## [TASK DESCRIPTION]
Nothing but the lines below from the one holding "Ihre Erdgeschoss-Souterrainwohnung erstreckt" up to and including the one holding "ファンの大歓声に迎えられたBase Ball Bearは、さわやかな「BREEEEZE" should be copied, exactly and without pictures.

## [INPUT MATERIAL]
BEGIN

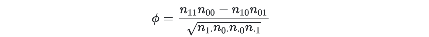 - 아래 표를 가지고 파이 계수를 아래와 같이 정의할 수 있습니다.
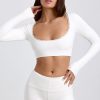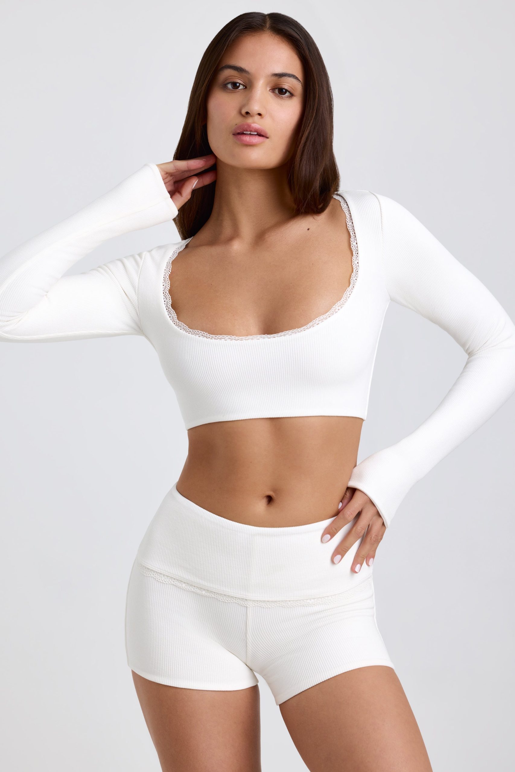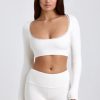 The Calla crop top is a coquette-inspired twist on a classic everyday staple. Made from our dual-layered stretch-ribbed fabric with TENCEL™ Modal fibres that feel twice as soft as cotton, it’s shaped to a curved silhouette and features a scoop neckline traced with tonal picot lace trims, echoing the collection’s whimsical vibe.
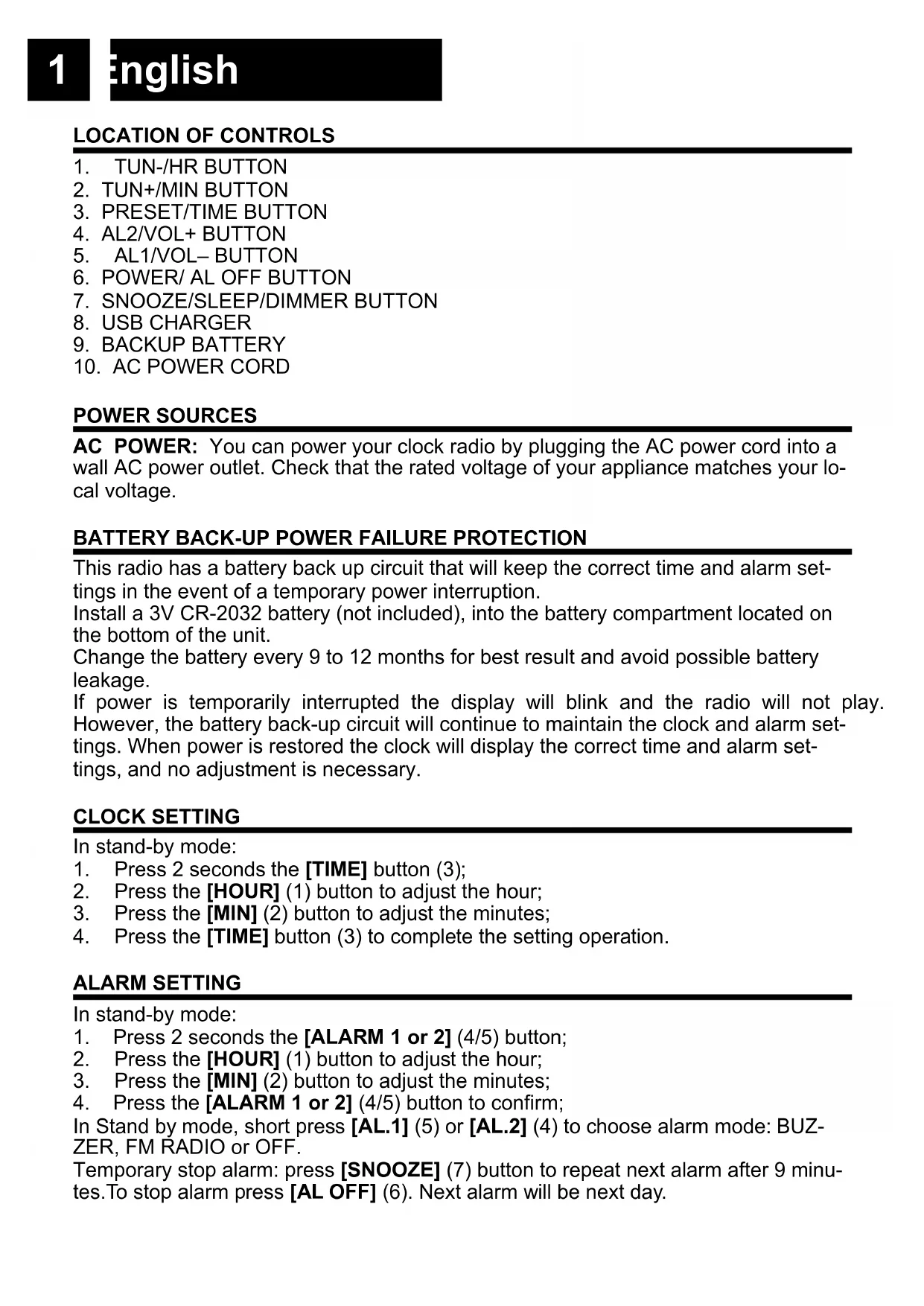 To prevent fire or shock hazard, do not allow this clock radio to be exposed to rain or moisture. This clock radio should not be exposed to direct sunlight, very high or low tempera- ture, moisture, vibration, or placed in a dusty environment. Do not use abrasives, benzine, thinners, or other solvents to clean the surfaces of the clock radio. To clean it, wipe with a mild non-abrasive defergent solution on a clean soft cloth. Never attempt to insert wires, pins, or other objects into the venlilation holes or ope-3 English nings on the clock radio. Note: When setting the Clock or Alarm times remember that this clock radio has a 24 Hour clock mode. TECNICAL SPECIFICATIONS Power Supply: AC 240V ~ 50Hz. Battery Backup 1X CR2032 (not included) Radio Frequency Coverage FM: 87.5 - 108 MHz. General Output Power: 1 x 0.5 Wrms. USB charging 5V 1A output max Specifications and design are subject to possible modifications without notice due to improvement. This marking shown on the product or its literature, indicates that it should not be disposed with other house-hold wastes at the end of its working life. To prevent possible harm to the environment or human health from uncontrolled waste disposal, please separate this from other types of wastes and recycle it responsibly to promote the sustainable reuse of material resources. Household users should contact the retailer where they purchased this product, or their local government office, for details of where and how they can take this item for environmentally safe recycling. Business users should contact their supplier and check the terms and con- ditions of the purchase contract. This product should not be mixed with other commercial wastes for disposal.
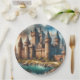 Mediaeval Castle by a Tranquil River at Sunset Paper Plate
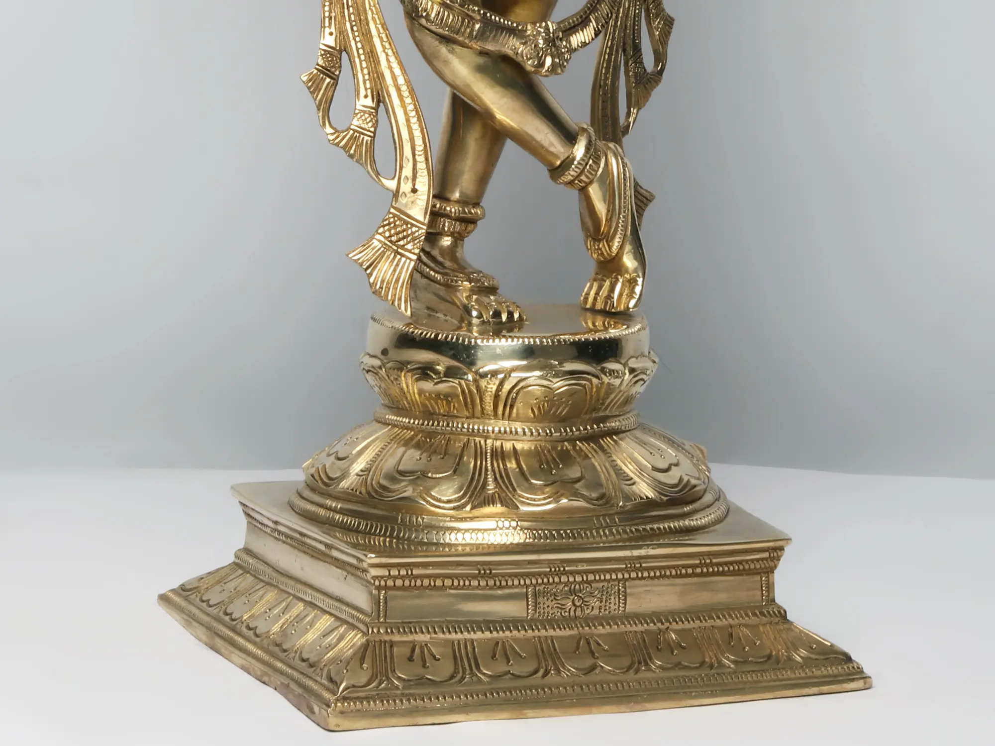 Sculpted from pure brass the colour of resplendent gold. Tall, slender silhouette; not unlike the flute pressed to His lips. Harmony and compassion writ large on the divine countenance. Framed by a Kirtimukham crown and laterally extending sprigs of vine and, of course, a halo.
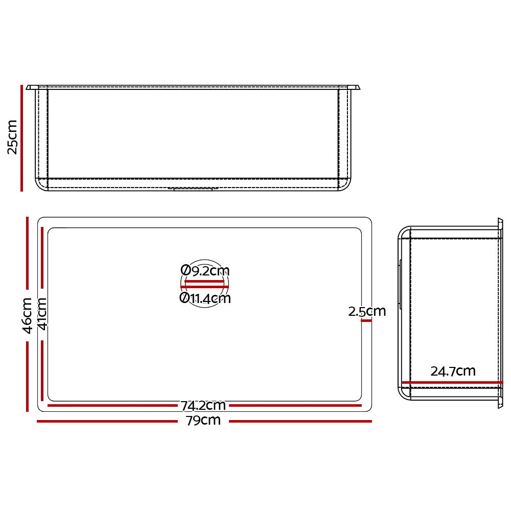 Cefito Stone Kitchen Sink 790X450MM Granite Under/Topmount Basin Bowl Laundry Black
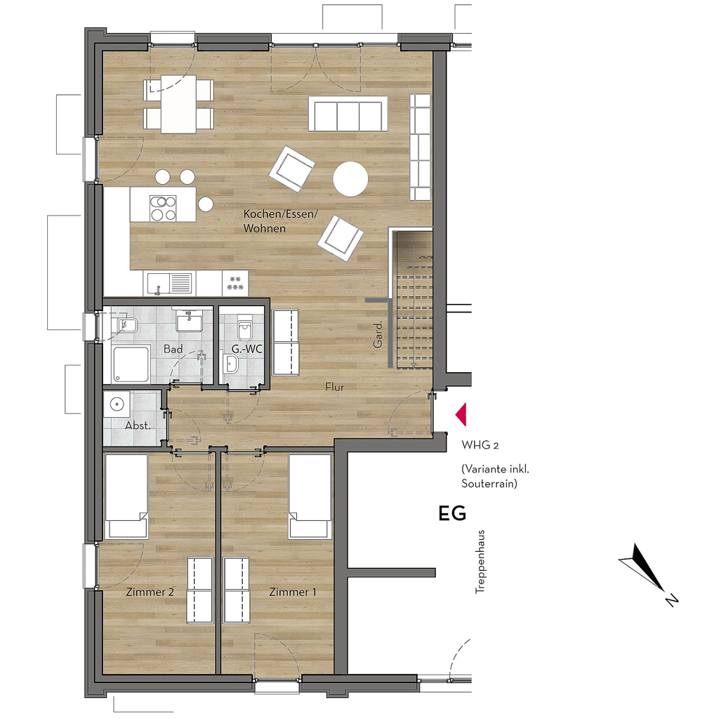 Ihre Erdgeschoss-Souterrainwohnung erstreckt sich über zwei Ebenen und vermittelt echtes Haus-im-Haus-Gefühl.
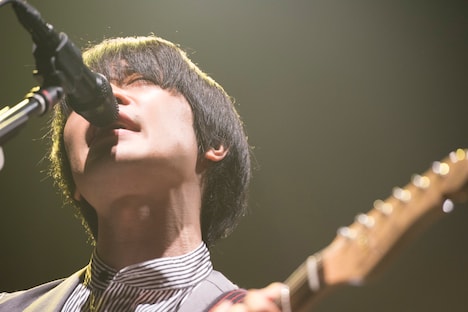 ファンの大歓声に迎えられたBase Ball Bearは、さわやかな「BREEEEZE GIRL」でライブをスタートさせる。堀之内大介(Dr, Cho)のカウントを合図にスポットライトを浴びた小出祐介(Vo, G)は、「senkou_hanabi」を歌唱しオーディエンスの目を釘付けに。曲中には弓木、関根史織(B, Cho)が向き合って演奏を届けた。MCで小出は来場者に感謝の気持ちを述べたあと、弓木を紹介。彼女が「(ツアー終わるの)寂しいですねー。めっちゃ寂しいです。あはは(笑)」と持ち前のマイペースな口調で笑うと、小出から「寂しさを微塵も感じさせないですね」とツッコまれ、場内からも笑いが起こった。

END
BEGIN

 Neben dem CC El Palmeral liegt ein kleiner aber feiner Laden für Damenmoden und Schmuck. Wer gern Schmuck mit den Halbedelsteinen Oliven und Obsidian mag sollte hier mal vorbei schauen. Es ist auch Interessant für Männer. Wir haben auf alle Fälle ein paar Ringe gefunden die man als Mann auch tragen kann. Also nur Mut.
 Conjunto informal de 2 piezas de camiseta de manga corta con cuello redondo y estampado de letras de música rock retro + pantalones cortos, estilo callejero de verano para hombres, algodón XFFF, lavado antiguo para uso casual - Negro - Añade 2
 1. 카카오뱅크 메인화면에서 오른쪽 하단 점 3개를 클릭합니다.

END

## [WRITTEN SOLUTION]
 Ihre Erdgeschoss-Souterrainwohnung erstreckt sich über zwei Ebenen und vermittelt echtes Haus-im-Haus-Gefühl.
 ファンの大歓声に迎えられたBase Ball Bearは、さわやかな「BREEEEZE GIRL」でライブをスタートさせる。堀之内大介(Dr, Cho)のカウントを合図にスポットライトを浴びた小出祐介(Vo, G)は、「senkou_hanabi」を歌唱しオーディエンスの目を釘付けに。曲中には弓木、関根史織(B, Cho)が向き合って演奏を届けた。MCで小出は来場者に感謝の気持ちを述べたあと、弓木を紹介。彼女が「(ツアー終わるの)寂しいですねー。めっちゃ寂しいです。あはは(笑)」と持ち前のマイペースな口調で笑うと、小出から「寂しさを微塵も感じさせないですね」とツッコまれ、場内からも笑いが起こった。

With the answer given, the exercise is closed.